Persons living with HIV (PLWH) and substance use/misuse experience significant barriers to engagement in HIV care at every step of the HIV care continuum including: (1) HIV testing and diagnosis (2) linkage to clinical care (3) retention in care pre-antiretroviral therapy (ART) (4) ART initiation and adherence (5) viral suppression. We qualitatively explored the facilitators of and barriers to participation in the HIV care continuum among PLWH with substance use/misuse.

We performed semi-structured in-depth interviews with 34 PLWH in care with recent substance use. The transcripts were analyzed in an iterative process using an editing style analysis. Interviews were conducted until thematic saturation was achieved.

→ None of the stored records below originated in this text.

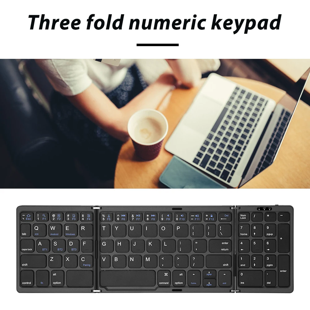 Comprar Mini teclado plegable portátil, teclado inalámbrico Bluetooth con teclado numérico para Mac, Windows, Android, IOS, portátil y tableta
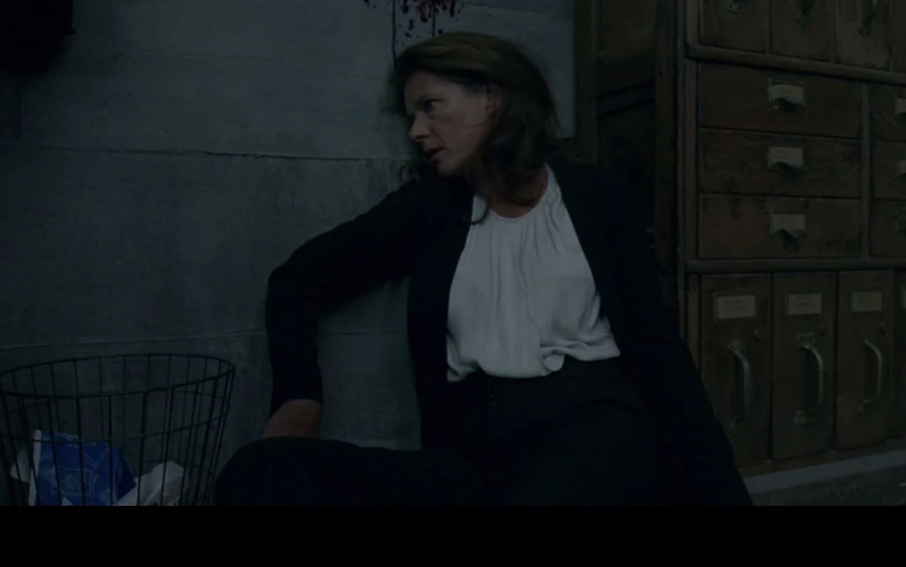Stubbs enters the room drawing his gun as Clementine stares at her reflection in the glass, touching her painfully bloodied lip, staring at the blood on her fingers. Using standard voice commands he attempts to get her to freeze, but she doesn’t respond, trying to tidy herself up before she turns to look at, and then advance on him. Stubbs shooting her in the chest. Theresa says that in each malfunctioning hosts case they weren't resetting properly, the retention of data that hadn't been wiped overloaded their decision making apparatus eventually causing a system failure that allowed them to override their primary rule set. Their concern with the Reveries being that the hosts can retain some of their experiences and act on them. Bernard asking if they're saying the hosts are effectively acting on grudges? Exactly what she's saying Theresa answers, saying its funny he used that term, as, of most concern to her, was that some of his own techs voiced those exact same concerns, meaning Elsie, to him. She accuses him of putting the code out without proper vetting and without understanding of its ramifications. So either he didn't write it, or he's getting so sloppy he's putting the guests lives at risk.
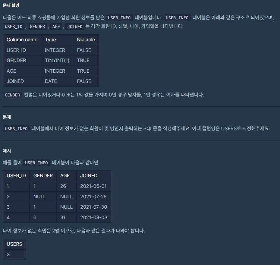 나이 정보가 NULL인 회원의 수를 조회해야 한다.
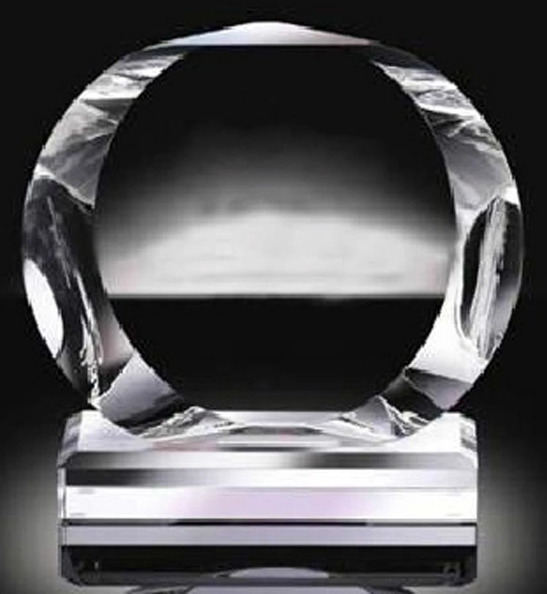 The thick glass is clear and has been made special with its beveled edges. Personalization is possible. Ships in a box with satin lining.
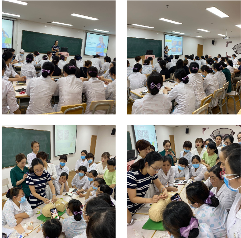在講解完相關(guān)知識(shí)后,參會(huì)人員分成4組進(jìn)行現(xiàn)場(chǎng)練習(xí),老師進(jìn)行現(xiàn)場(chǎng)指導(dǎo)。大家在認(rèn)真練習(xí)的同時(shí),結(jié)合臨床經(jīng)驗(yàn)提出了工作中常見的困惑,并相互交流,相互促進(jìn),更激發(fā)了大家的學(xué)習(xí)熱情,現(xiàn)場(chǎng)氣氛輕松活躍,學(xué)習(xí)氛圍濃厚,提升了團(tuán)隊(duì)協(xié)作能力。

Participants attributed an escalation in drug use at the time of diagnosis to denial of their disease and the belief that their death was inevitable and cited this as a barrier to treatment entry. In contrast, participants reported that experiencing adverse physical effects of uncontrolled HIV infection motivated them to enroll in care. Reported barriers to retention and adherence to care included forgetting medications and appointments because of drug use, prioritizing drug use over HIV treatment and side effects associated with medications. Participants described that progression of illness, development of a medication taking ritual and a positive provider-patient relationship all facilitated engagement and reengagement in care.

PLWH with substance use engaged in care describe barriers to and facilitators of optimal engagement related to and distinct from substance use. Greater understanding of the biologic, psychological and social factors that promote and impair engagement in care can inform interventions and reduce the increased morbidity and mortality experienced by PLWH with substance use.